Focillon's conception of art focuses on the work, while Nicolas Bourriaud is concerned with the artist's artistic activity and posture, as the subtitle of his essay L'art moderne ou l'invention de soi (Modern art or the invention of self) underlines. The bringing together of these two texts, which communicate and interpenetrate as if in a Moebius ribbon, evokes a complex two-sided thought which, far from confronting each other, turns in a loop like a commentary on the work itself, which then assumes a tautological character.
Recently, Le Minh visited Rochester in upstate New York. This city, historic seat of the Kodak company founded by George Eastman in 1892, was for a long time home to a flourishing industry involving the production of film for still and motion picture cameras.

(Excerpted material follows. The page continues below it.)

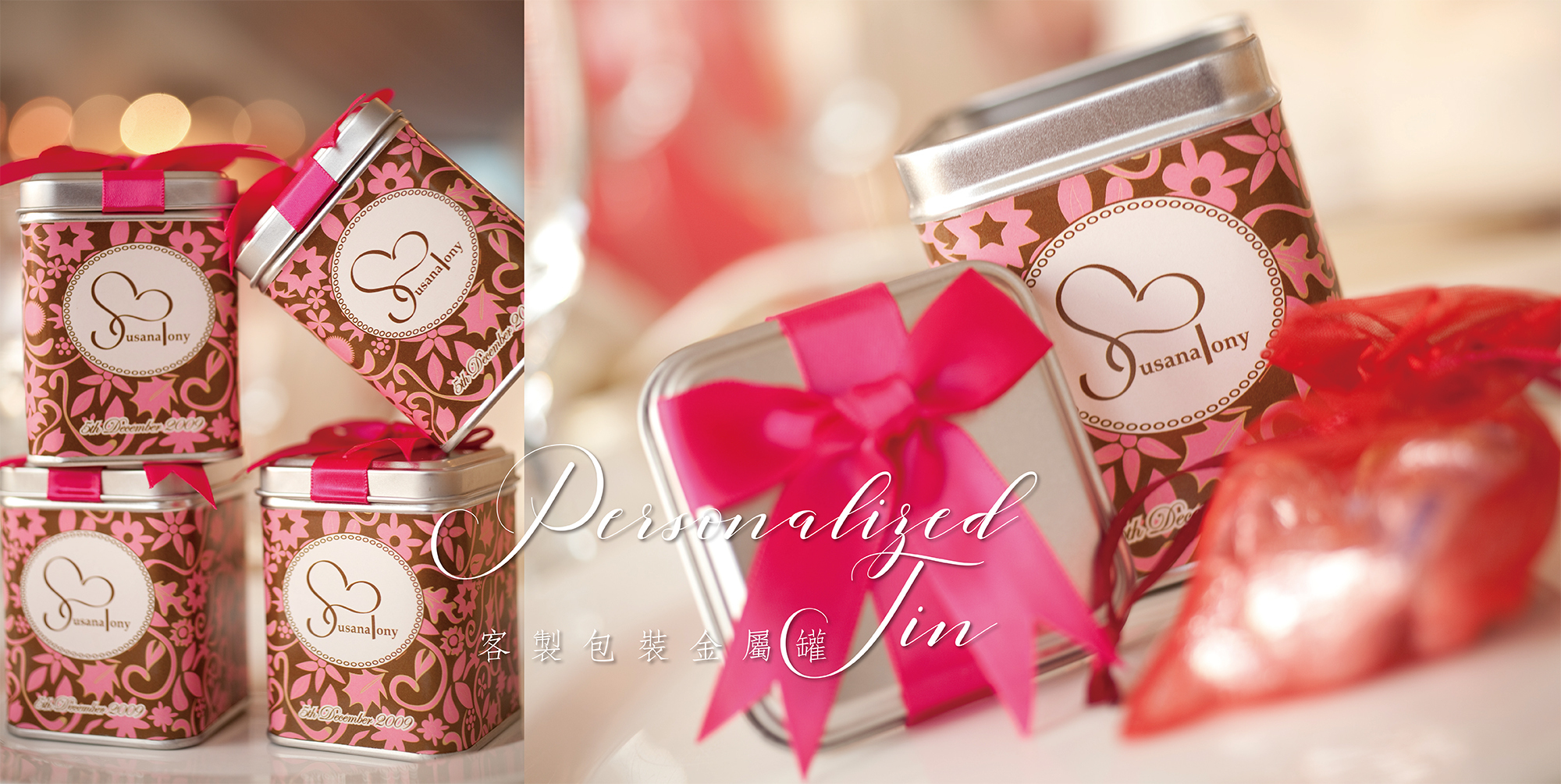金屬罐的包裝紙不但可客製,緞帶都可以有多款選擇,而特別的是它由金屬罐所造成的,至少賓客收到的時間會覺得大體一點。而且準備婚禮小物就是怕他們不要,沒有用途或沒有特色。但是這個金屬罐就可以好好地保存,食完入面的食物後還可以用這個罐放其他小物件,令你可以將各位的祝福及感謝,好好的保存下去喔!
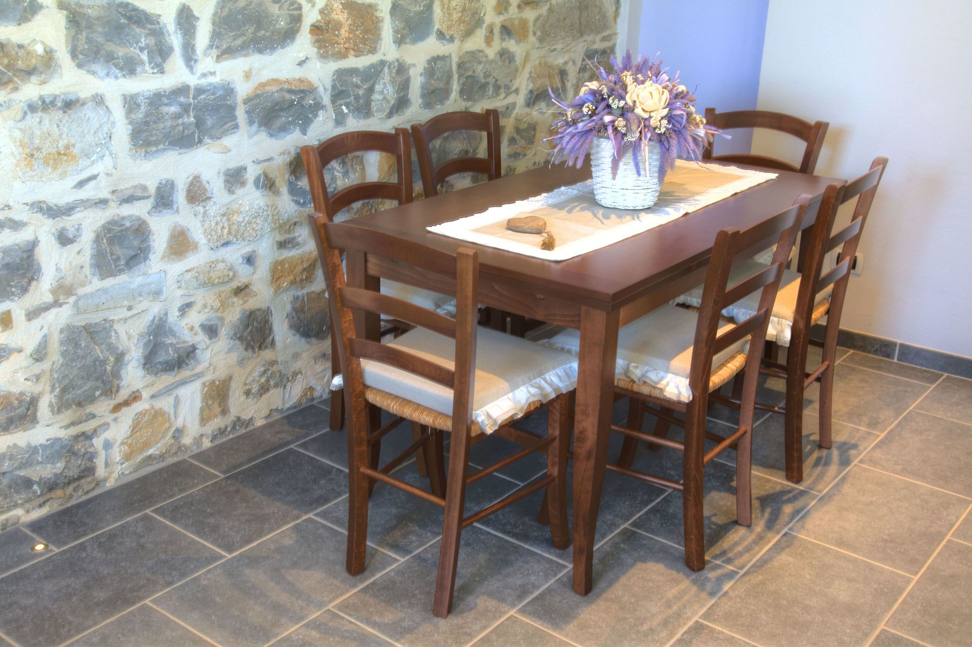 Sotto l’alto soffitto di travi di legno l’ampia zona giorno ha un’intera parete con pietra a vista e due lati disegnati da ampie vetrate con intelaiatura di ferro battuto che conferiscono grande luminosità all’ambiente.

The celebrated Kodak trademark faced steep competition from new technologies and suffered a gradual decline, leading to the company's bankruptcy in 2012. It belongs to an era since referred to as "pre-digital." Stripped of all but a few remaining factories, Rochester bears the stigmata of this fate. But in the urban views of Le Minh's series Traumachrome, the phantom of the inventor continues to hover over the city: the images, initially produced with analog film in black-and-white, were charged with a spectral presence in the course of their digitalization. Saturated in color – the very colors which constituted the glory of the Kodachrome process – her images are mysteriously hatched by color bars recalling the technical accidents which, in early photography, nourished the superstitions of spiritists. Previously, those who wanted to saw, in the blurry light effects caused by inadvertent double exposures or poorly cleaned photographic plates, faces and silhouettes of the dead. Here it is glitches generated by the scanner which evoke the apparition of Rochester's famous inventor.

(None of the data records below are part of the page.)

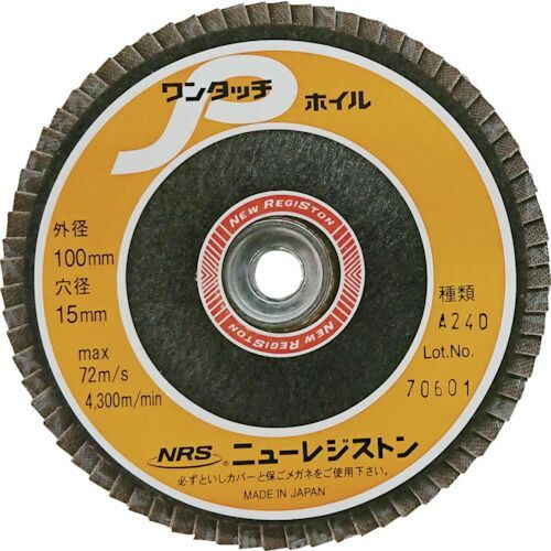 特長●ペーパー多羽根ホイールです。●ゴトツキがないフェザータッチの研磨感覚です。●最も嫌われる研磨焼けを徹底排除しました。●ねじ付で簡単に取り付けできるワンタッチ式です。●NRSPホイルの姉妹品です。用途●研磨用として中仕上げ作業に最適。●A:一般鋼、ステンレス鋼用(薄板の軽研削・研磨)。●GZ:一般鋼、ステンレス鋼用(厚板、薄板の軽研削・研磨、ビード取り)。仕様●粒度(#):240●外径(mm):100●羽根長さ(mm):23●ねじ径(mm):M10(P1.5)●最高使用回転数(rpm):13750●羽根枚数(枚):72●最高使用周速度(m/s):72仕様2●最高使用周速度:72m/s(4300m/min)●軽研削・研磨用(♯40〜100)●研磨・仕上げ用(♯120〜)●研磨用●ワンタッチ式ペーパーホイール材質/仕上セット内容/付属品注意
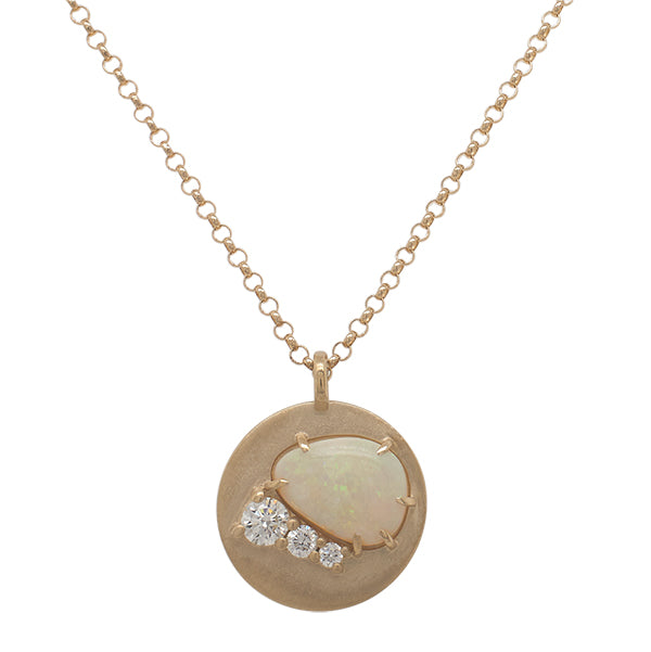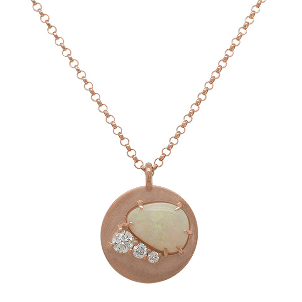 A modern approach to a classic pendant shape. This pendant has one organic, cabochon cut opal and 3 round cut diamonds.
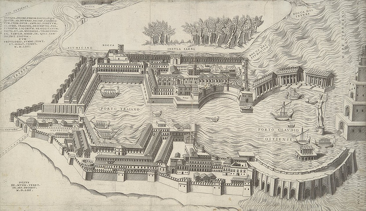 View of ancient Porto by Pirro Ligorio (1554), upon which a 1582 fresco in the Vatican was based
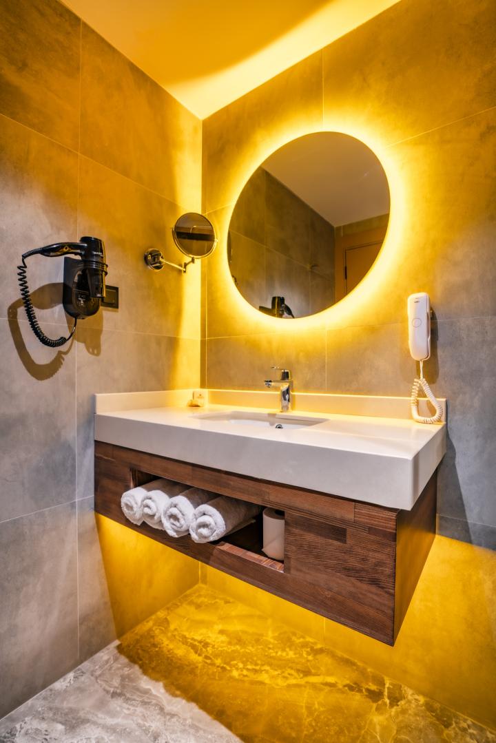 Hotel se sastoji od glavne četvorospratne zgrade sa ukupno 102 sobe koje se dele na: 94 standardne sobe (max 3 osobe, 21 m²) i 8 dvosobnih porodičnih soba (2 sobe odvojene vratima, max 4 osobe, 40 m²). Svaka soba ima: individualni klima uređaj, kupatilo, mini bar (voda-na dan dolaska), TV, sef (uz doplatu), Wi-Fi internet (besplatno), fen za sušenje kose, telefon, balkon.
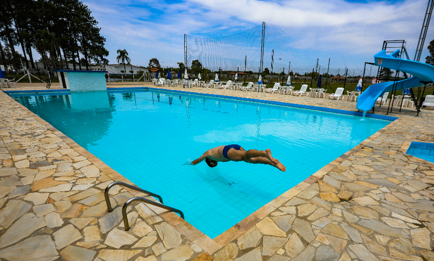 As piscinas (adulto e infantil) da Sede Campestre do Sindicato* continuam funcionando aos sábados e domingos, das 10h00 às 19h00. Em função da pandemia da Covid-19, o limite de público é de 50% da capacidade e o acesso só é permitido a associados, familiares e convidados mediante reserva prévia.

The artist initially intended to let these views of the city – captured on Tri-X, the most popular of Kodak's films – decompose chemically and thus represent a kind of tautology: the decline of film as a medium rendered tangible by the deterioration of its substrate. The vagaries of the scanner's functioning, however – unless it was the ghost of George Eastman – did her work for her: the flamboyant tints that appeared give new life to this technology, which while obsolete remains vivid in our imagination. For Le Minh, these changes recall the discolorations that occur when photographic slides are exposed to light for too long. This led her to frame the pictures in Forex, on the model of slides.
What do we see in these images? Disused buildings, deserted streets, moot slogans, proud chimneys that still reach for the sky but no longer smoke. A dream that has been extinguished. Nevertheless, the myth endures: one can almost mistake these electric wires stretched across an intersection for the lines that once hung in dark rooms, to which strips of film were fixed with clips for drying. Or this gradation of pinks and oranges for a postcard sunset. While her point of departure is an homage to a city and a brand, Le Minh builds through layers of meaning a work on the evolution of photographic techniques and practices that includes numerous mirror-images of itself in cameo, thus evoking the way in which technologies interact, dovetailing and influencing and spilling over into each other.